TL;DR
This paper introduces AutoFocus, a method combining scale-normalized image pyramids with a coarse-to-fine approach to efficiently perform object detection, significantly reducing computational costs during training and inference.
Contribution
It proposes SNIPER, an efficient sampling scheme, and AutoFocus, a novel active region prediction method, to accelerate object detection while maintaining accuracy.
Findings
Up to 3x speed-up in training with SNIPER.
2.5-5x inference speed-up using AutoFocus.

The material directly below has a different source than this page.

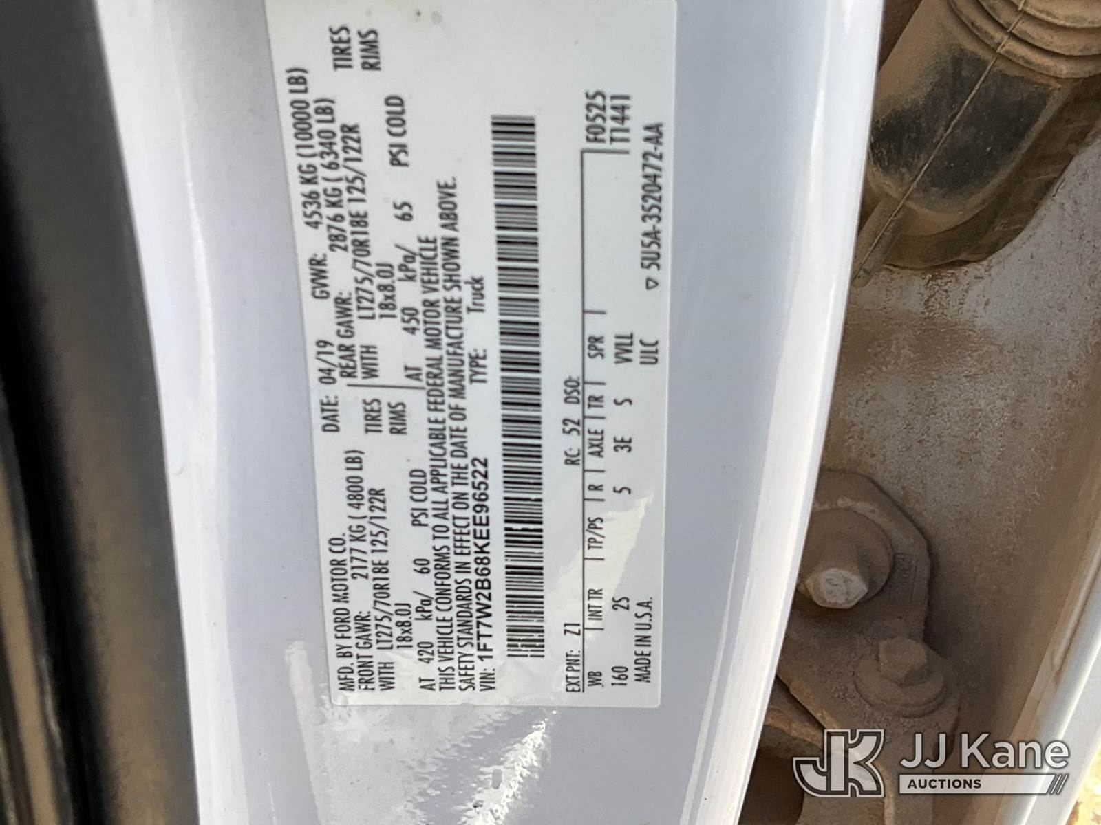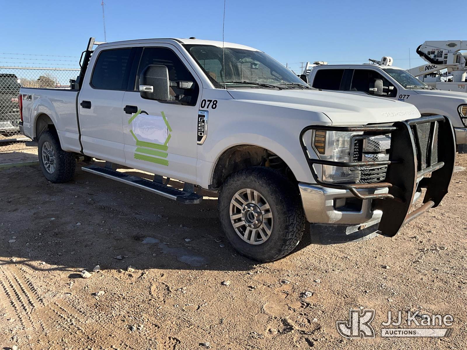 2019 Ford F250 4x4 Crew-Cab Pickup Truck, 8-cyl gas, 6-Speed Automatic, A/C, with aux fuel tank w/ pump, (209,566 miles) (Runs & Moves) (Body Damage) This is a Titled Item NOTE: This unit is being sold AS IS/WHERE IS via Timed Auction and is located in Hobbs, NM. For more information & removal arrangements please contact EJ Brown @ (915) 341-2565. (Buyer is responsible for removal. Assistance by consignor or JJ Kane Auctions is not assured.)

Improved object detection efficiency with minimal accuracy loss.
Abstract
We present an efficient foveal framework to perform object detection. A scale normalized image pyramid (SNIP) is generated that, like human vision, only attends to objects within a fixed size range at different scales. Such a restriction of objects' size during training affords better learning of object-sensitive filters, and therefore, results in better accuracy. However, the use of an image pyramid increases the computational cost. Hence, we propose an efficient spatial sub-sampling scheme which only operates on fixed-size sub-regions likely to contain objects (as object locations are known during training). The resulting approach, referred to as Scale Normalized Image Pyramid with Efficient Resampling or SNIPER, yields up to 3 times speed-up during training. Unfortunately, as object locations are unknown during inference, the entire image pyramid still needs processing. To this end,…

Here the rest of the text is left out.